The 2012–13 Detroit Waza season was the fifth season of the Detroit Waza professional indoor soccer club, also known as Detroit Waza Flo Pro FC. The Waza, an Eastern Division team and charter member of the Professional Arena Soccer League, played their regular season home games in the Taylor Sportsplex in Taylor, Michigan. Post-season home matches were played at the Melvindale Ice Arena in Melvindale, Michigan. The team was led by owner Mario Scicluna, general manager Kathy Coyne, and head coaches Dominic Scicluna and Matt Johnson.

Season summary
Detroit was very successful in the regular season, finishing 14–2 and clinching the Eastern Division title for the second consecutive year.
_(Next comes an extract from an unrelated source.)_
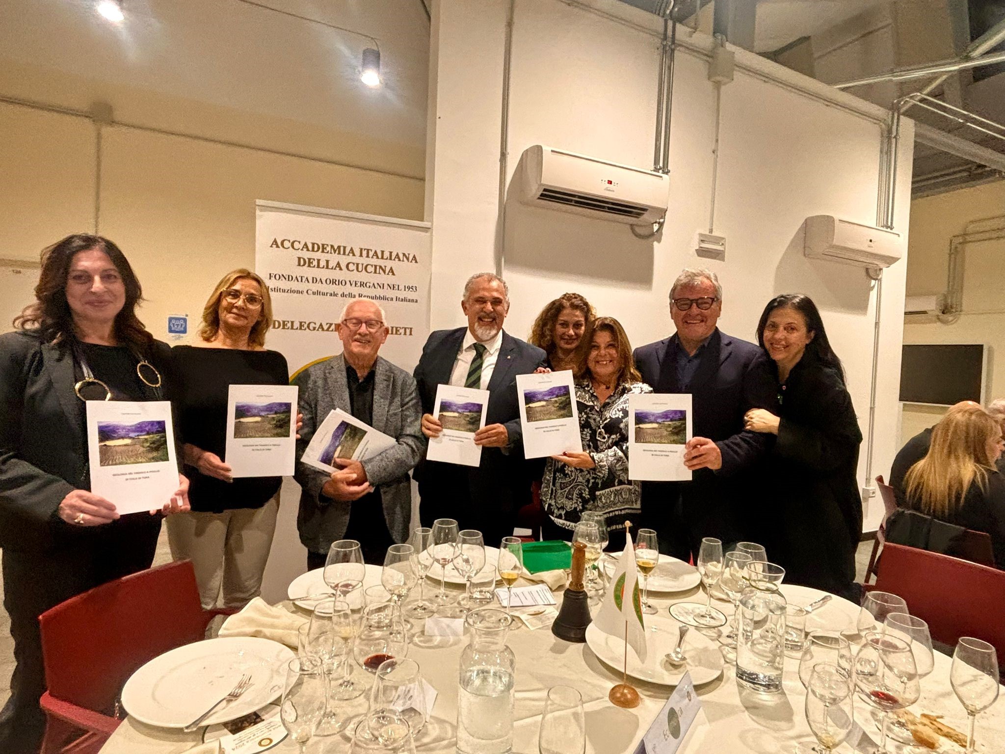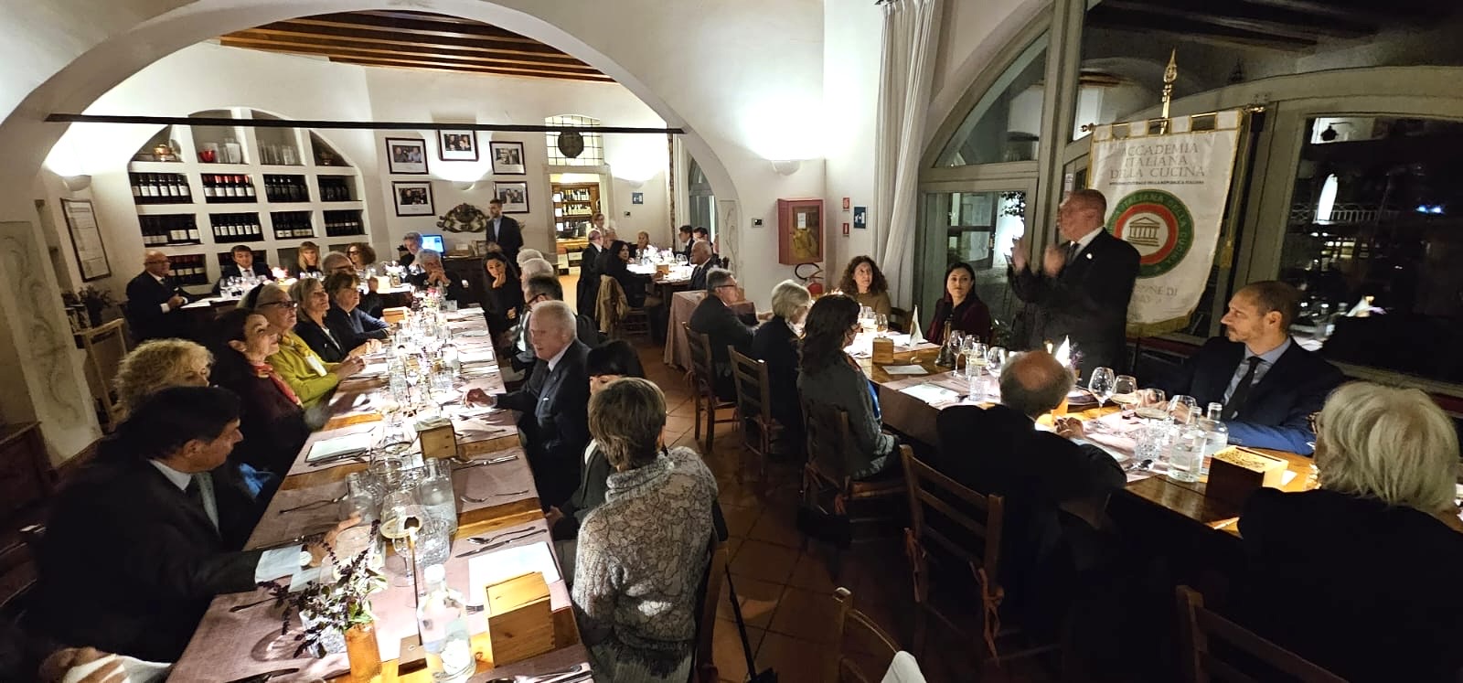 La serata ecumenica al ristorante Oreste La Strega, con grande partecipazione di Accademici, autorità e ospiti, è stata dedicata alle specialità orticole autoctone, oggetto di studio e ricerca da parte della Scuola Superiore Sant'Anna di Pisa, grazie all’Accademico Agostino Stefani che, con un progetto in collaborazione con il Parco Nazionale dell'Arcipelago Toscano, ha promosso l'iscrizione di specie a rischio di estinzione nel Repertorio Regionale delle risorse genetiche locali della Toscana. Tra le varietà presentate, il Fagiolo del Miracolo noto per offrire più raccolti, potendo essere seminato dalla primavera all'estate. È consumabile fresco o secco, ed è ideale per zuppe e contorni. Un altro protagonista è il Fagiolino Jolly Campesi, coltivato fino agli anni '90 a Marina di Campo e Pianosa e recuperato dalla prof.ssa Gabriella Bagiardi grazie a un poliziotto che ne ha continuato la coltivazione. Lo "Zuccagni Orlandini", nella sua "Corografia fisica, storica e statistica della Toscana" del 1835, descrive Pianosa come un "giardino di delizie" per la sua ricca produzione di legumi come fagioli dell'occhio, lenticchie, ceci, cicerchie, fave e piselli. L’Accademico Alvaro Claudi e il Simposiarca Daniele Alberti hanno illustrato la parte gastronomica, ricevendo ottimi riscontri sulla cucina del locale. Alla fine della serata, il ristoratore ha ricevuto un piatto di ceramica con il tema dell'anno.

The team was a perfect 8–0 at home with its only two losses (a close match against the Cincinnati Kings and an upset by the Harrisburg Heat) coming on the road. The Waza advanced to the postseason and earned the right to play for the Ron Newman Cup in the PASL National Championship. The Waza defeated the Cincinnati Kings in two straight games, winning the Eastern Divisional Finals and advancing to the Semi-Finals in San Diego, California, where they defeated the Rio Grande Valley Flash in overtime. The team played the San Diego Sockers for the league championship and lost 6–8 in regulation.

The Waza won the 2012–13 United States Open Cup for Arena Soccer. They received a bye in the Wild Card round then defeated the Ohio Vortex in the Round of 16, the Harrisburg Heat in the Quarter-Finals, the Chicago Mustangs in the Semi-Finals, and the reigning Open Cup champion San Diego Sockers in the Championship game.

Awards and honors
On January 8, 2013, the Professional Arena Soccer League named Detroit goalkeeper Joe Kapinos as its Player of the Week. Citing the rookie's 8–0 record, including two wins the previous weekend, and his low 4.13 goals against average, the league described Kapinos as "the anchor of the Detroit Waza defense this season".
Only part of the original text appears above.